While my first job in the theme park industry was as a 14-year-old “clean-up boy” at Lagoon Amusement Park, my first big break in the industry came in 1995 when I interviewed for a job as a creative writer at Cincinnati’s JRA. At the time, Jack Rouse was still running the business and one of the first things he taught us was the importance of knowing your audience. “Don’t let your ego or agenda get between the audience and the story,” he bellowed with a few colorful adjectives thrown in for good measure.
However, Jack is not alone in sharing this advice.
After a tour through all of the amazing quote engines on the Internet, it’s clear this respect for the audience in one of the fundamental laws of entertainment. If there is a duet on some stage in the afterlife with Prince and Johnny Cash, I think they’ll be playing to the audience. ‘When you don't talk down to your audience,” Prince said, “then they can grow with you.” While the man in black said, “You've got to make them think that you're one of them sitting out there with them too.” Since these quote engines haven’t purged our canceled stars yet, you can even find a quote from Ellen DeGeneres talking about why she connects with people: “My audience is filled with every kind of person you can imagine, and I love that.”
I love that too!
Whether it’s a bus from the parking lot of the Ark Encounter in Kentucky or the tram making its way up to The Getty in Los Angeles, the experience industry serves everyone. This means we have a responsibility to treat the audience with respect and deliver what our attractions promise.
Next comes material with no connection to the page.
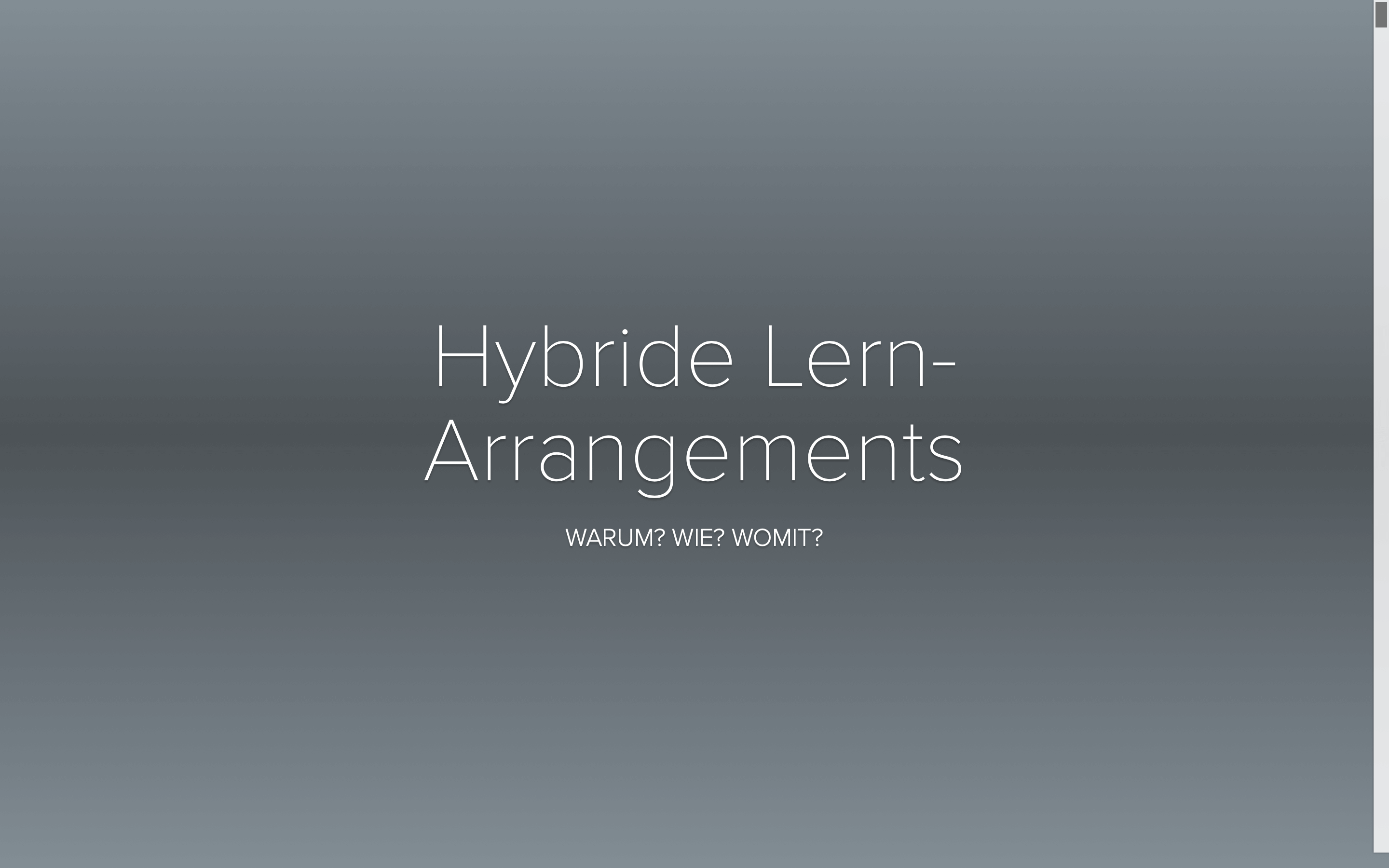 Hybrid meint die Kombination - Altes und Neues soll im Miteinander zu einer Weiterentwicklung führen. Meine Gedanken zu hybriden Lernarragements hatte ich schon vor einiger Zeit in einer Präsentation zusammengefasst. Aktuell sind sie immer noch. 😉

Today, most of the world’s best attractions promise things like “magic,” “thrills” or even “one-of-a-kind immersion.” One popular destination calls it “WOAH!” When I was a teenager working as a train engineer, we promised guests that they would “have fun” every time they stepped on a ride.
Certainly, many theme parks and experiences promise a an escape. A celebration. And good old fashioned fun.
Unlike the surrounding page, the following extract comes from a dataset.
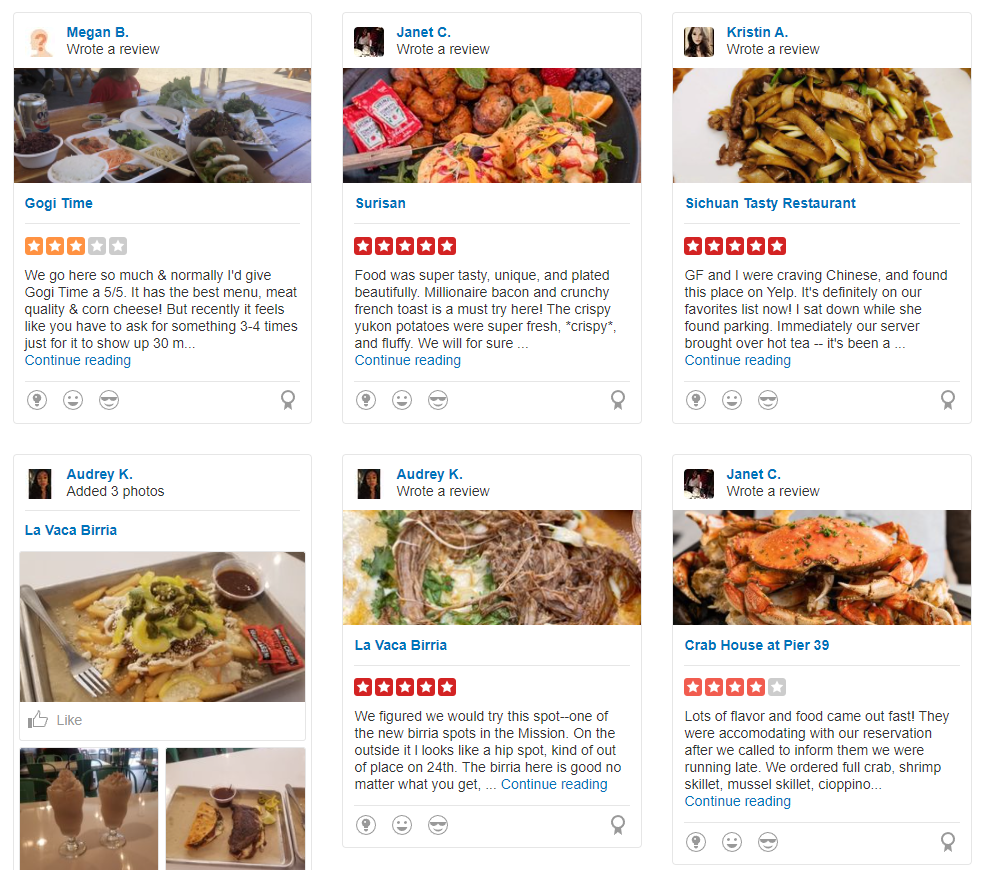 옐프는 미국에서는 미슐랭 가이드와 자갓 서베이등 맛집에 대한 내용을 앱 플랫폼으로 가져온 어플리케이션이라고 알려져 있는데요. 이와 비슷한 업체는 오픈테이블(OPEN)등이 있습니다. 미국에서 맛집을 검색하는 경우에는 옐프를 사용하는 방법과 주변 지역관련 업체를 추천해주시는 분들이 많으실 정도로 많은 분들이 사용하는 앱이기도 합니다. 또한 옐프의 장점으로는 그만큼 직접 가본 사용자들이 리뷰를 달고, 리뷰에 따라 방문하는 사람들이 그 지역 업체에 대한 정보를 얻을 수 있습니다. 따라서 그만큼 신뢰도가 높다고 알려져 있으며, 방문자들이 옐프에서 많은 정보들을 얻고 있습니다.

This is what the audience is paying for.
This is what we have a responsibility to deliver.
This article is condensed from a presentation Geoff Thatcher gave with Yael Coifman at the European SATE Conference of the Themed Entertainment Association in Gothenburg, Sweden in May 2022.
Well said. The audience is the WHO and the WHY is to enlighten, entertain, and to not distract from the essence of a place, but rather immerse the audience to enjoy the place as it is and for WHAT it stands for at that moment in time. Thanks for sharing some historical perspective and current day impacts within your story.